Today we will learn about some of the bioinformatics resources that we will use during this course. We will start by looking at some databases for biological information and ways to search them. Genbank is the most widely used bioinformatics database because it contains all the DNA sequences that have been determined by any publicly-funded genome project. Genbank is a collaborative effort between the NCBI (National Center for Biotechnology Information) at NIH, DDBJ (DNA Database of Japan) and EMBL (European Molecular Biology Laboratory). All three exchange information daily, so sequences submitted to any one may be accessed from all three.

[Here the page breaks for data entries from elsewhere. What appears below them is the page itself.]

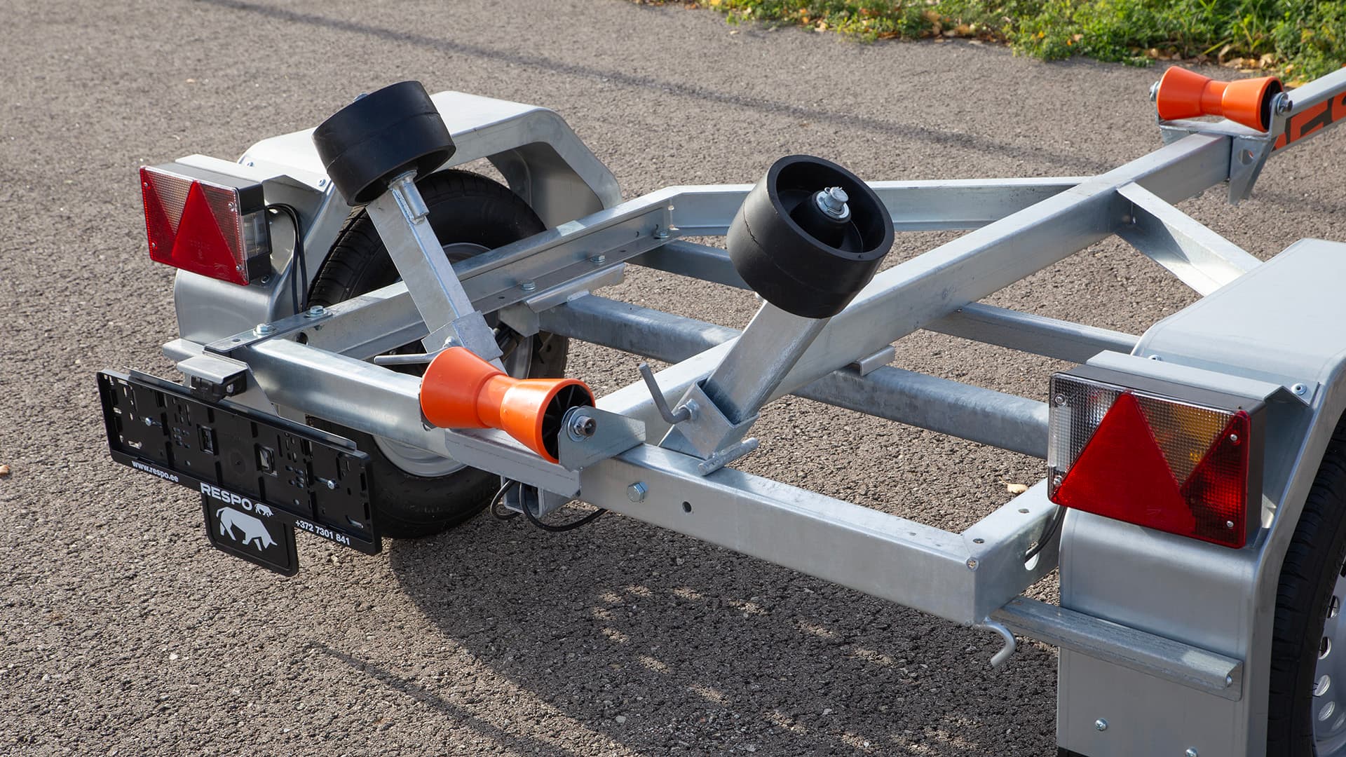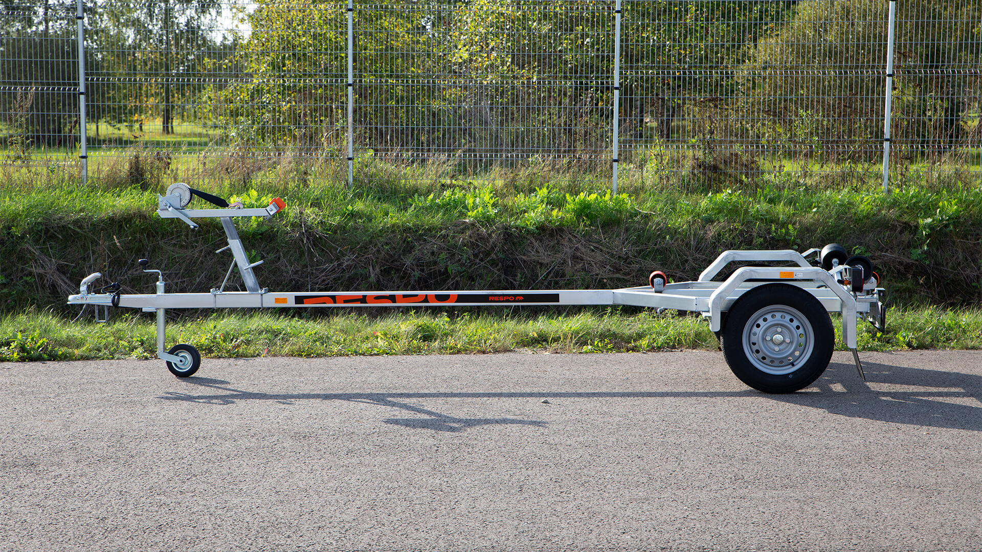 Respo’s minsta vagn som passar båtar upp till 4.6m. Galvaniserad stålram som skyddar mot korrosion även i saltvatten. Standardutrustningen inkluderar gå-på-skärmar och vattentäta nav.Båten ligger jämnt balanserad på kölrullar och justerbara sidostödrullar på sidorna. Denna vagn passar utmärkt till mindre båtar upp till 253kg.
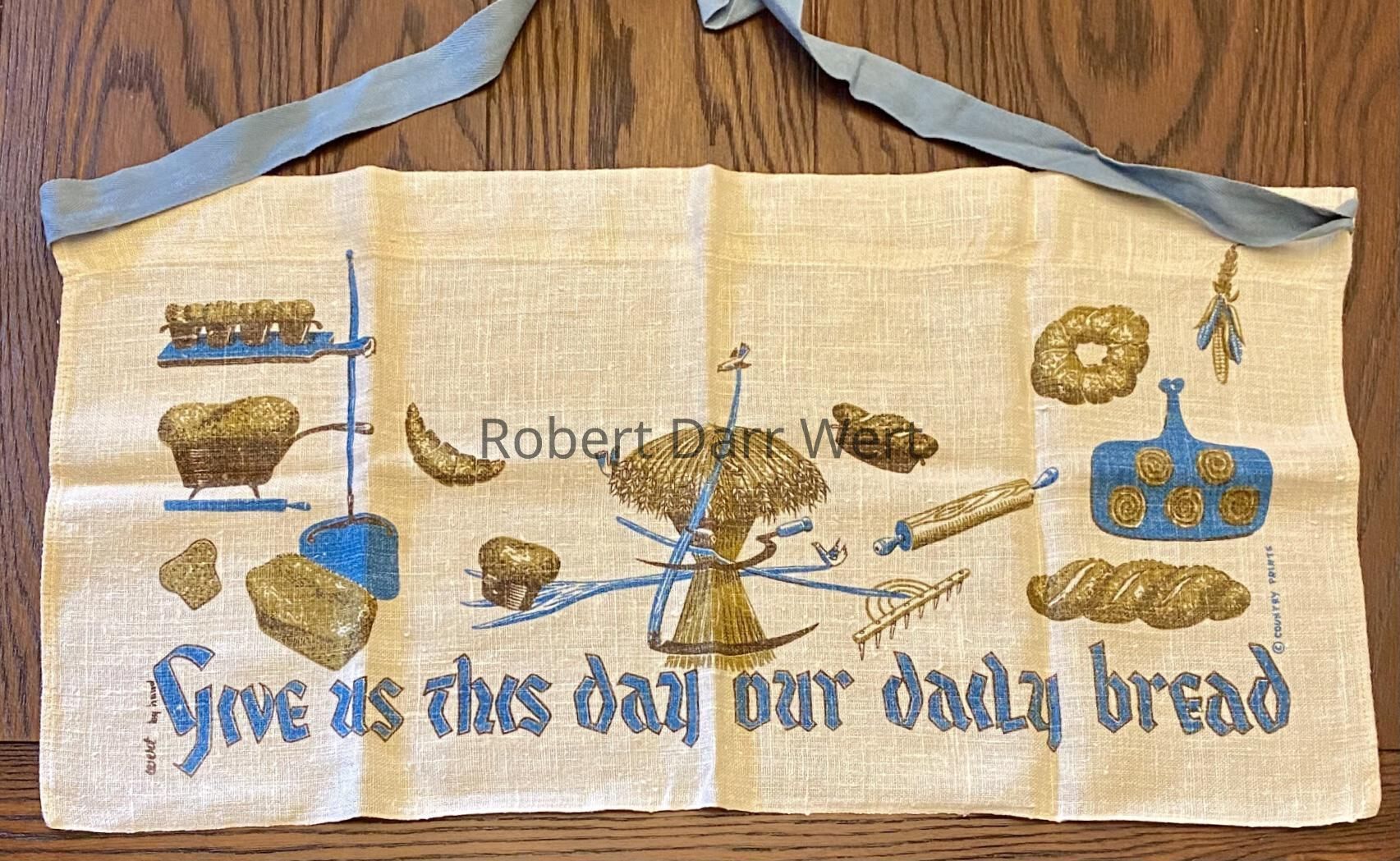 A three-color silkscreen print on natural linen. Illustration depicts tools and ingredients necessary for making bread, along with multiple examples of the finished product. The foundation of the composition is the first line of the Lord’s Prayer, “Give us this day our daily bread”, a recurrent theme in Wert’s designs, appearing on placemats, table squares, table runners and tablecloths.
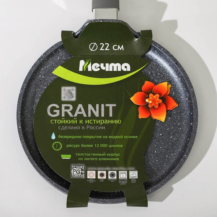 Сковорода блинная «Гранит», d=22 см, пластиковая ручка, антипригарное покрытие, цвет серый
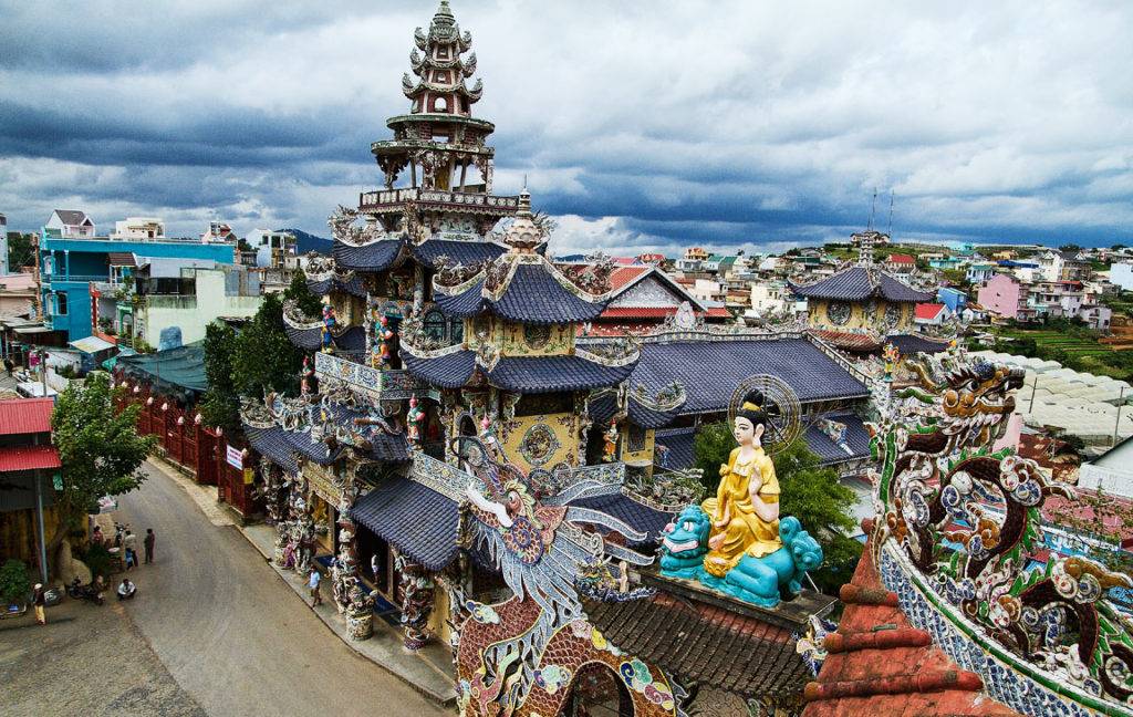 Пагода Линь Фуок — отличная мозаичная керамическая архитектурная достопримечательность города Далат. Монахи пагоды покажут вам, как следовать традиции написания желания на листе бумаги и приклеивать его к центру колокола.
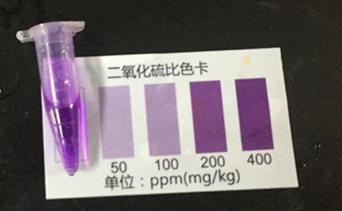 采用二氧化硫速測(cè)試管進(jìn)行檢測(cè),稱取1g枸杞樣本加入蒸餾水49ml,攪拌后靜置10min,之后轉(zhuǎn)移1ml到離心管中,加入2d二氧化硫檢測(cè)試劑A,1d二氧化硫檢測(cè)試劑B。攪拌均勻后,5分鐘后用離心管與比色卡進(jìn)行比色。發(fā)現(xiàn)用二氧化硫的存在。
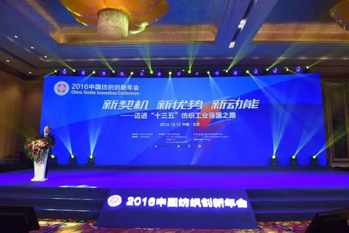 12月12日,由中国纺织工业联合会主办,工业和信息化部支持,中国纺织服装品牌园、立达(中国)纺织仪器有限公司、美国棉花公司、TESTEX瑞士纺织检定有限公司协办的“2016中国纺织创新年会”在北京召开。 中国纺织工业联合会原会长王天凯、会长孙瑞哲,工业和信息化部消费品工业司司长高延敏,中国纺织工业联合会副会长杨纪朝,党委副书记陈伟康,纪委书记王久新,中纺联副会长陈大鹏、李陵申、端小平、杨兆华,中国纺织工业联合会专家咨询委员会委员徐文英等领导,及各部门、各专业协会领导嘉宾出席本次会议。
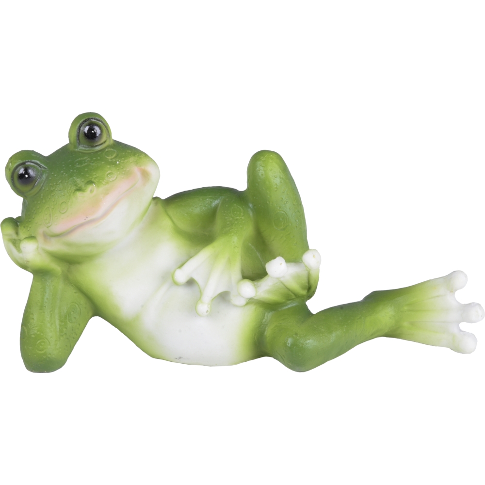 Der Frosch FRANKY ist ein bezauberndes Outdoor-Dekorationsstück, das aus robustem grünem Polyresin gefertigt ist.
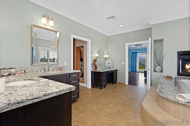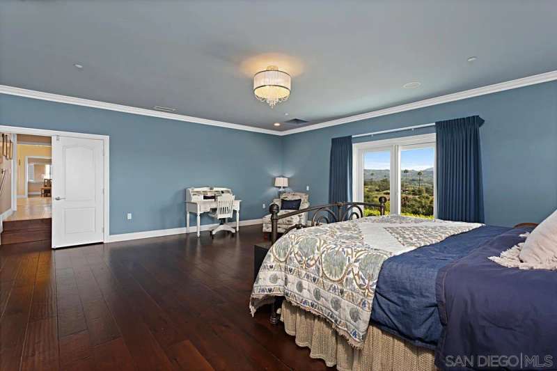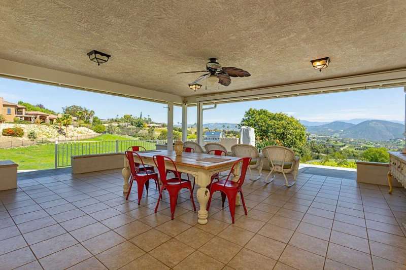 Welcome Home to Serene Country Living with Panoramic Views! Experience the perfect blend of luxury and tranquility in this stunning single-story gated home. Step through custom double wooden doors into spacious great room featuring a cozy fireplace w/custom mantle and french doors, seamlessly flowing into the gourmet kitchen. Designed for the culinary enthusiast, the kitchen boasts high-end stainless steel appliances, including a Sub-Zero refrigerator, Thermador 6-burner range w/hood, convection double ovens, wine chiller and a convenient pot filler. Granite countertops, a large island, soft-close cabinets w/pullouts, and ample storage complete the space. The main house offers a den with bay window and built-ins. 3 generously sized bedrooms, each w/ensuite bath and walk-in closet. The primary suite is a private retreat, featuring an extravagant spa-like bath w/ jetted tub, chandelier, dual-sided fireplace, separate walk-in shower, and dual quartz vanities. Throughout the home, you'll find distressed hickory wood plank and tile flooring, crown molding, plantation shutters, and newer windows. Solar tube lighting enhances a bright and airy ambiance. Paid Solar Electric w/backup. For added flexibility, a separate 1-bedroom potential ADU w/ 3/4 bath and covered courtyard provides additional living space, ideal for guests or rental income. Det. 3-stall garage offers ample storage w/available RV Parking. Covered patio w/powered shade screen w/breathtaking views, all while living in a home designed for comfort and elegance. Seller pays no electric bill!
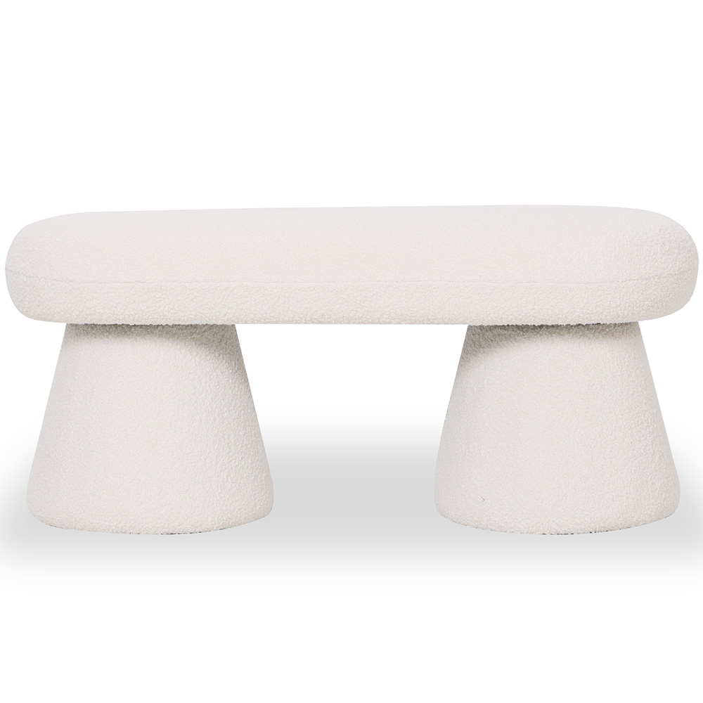 Banco Tapizado en Tela Bouclé Blanco - Moderno e Elegante Minimalista - Elvara

This is important, because it is frequently difficult to access NCBI due to heavy usage, but it is rare that all three sites are jammed. NCBI contains many databases: in addition to Genbank it contains databases of protein sequences, protein structures, biomedical literature, information about genetic disorders and many other sorts of information. All of these databases may be queried using a search and retrieval system called Entrez.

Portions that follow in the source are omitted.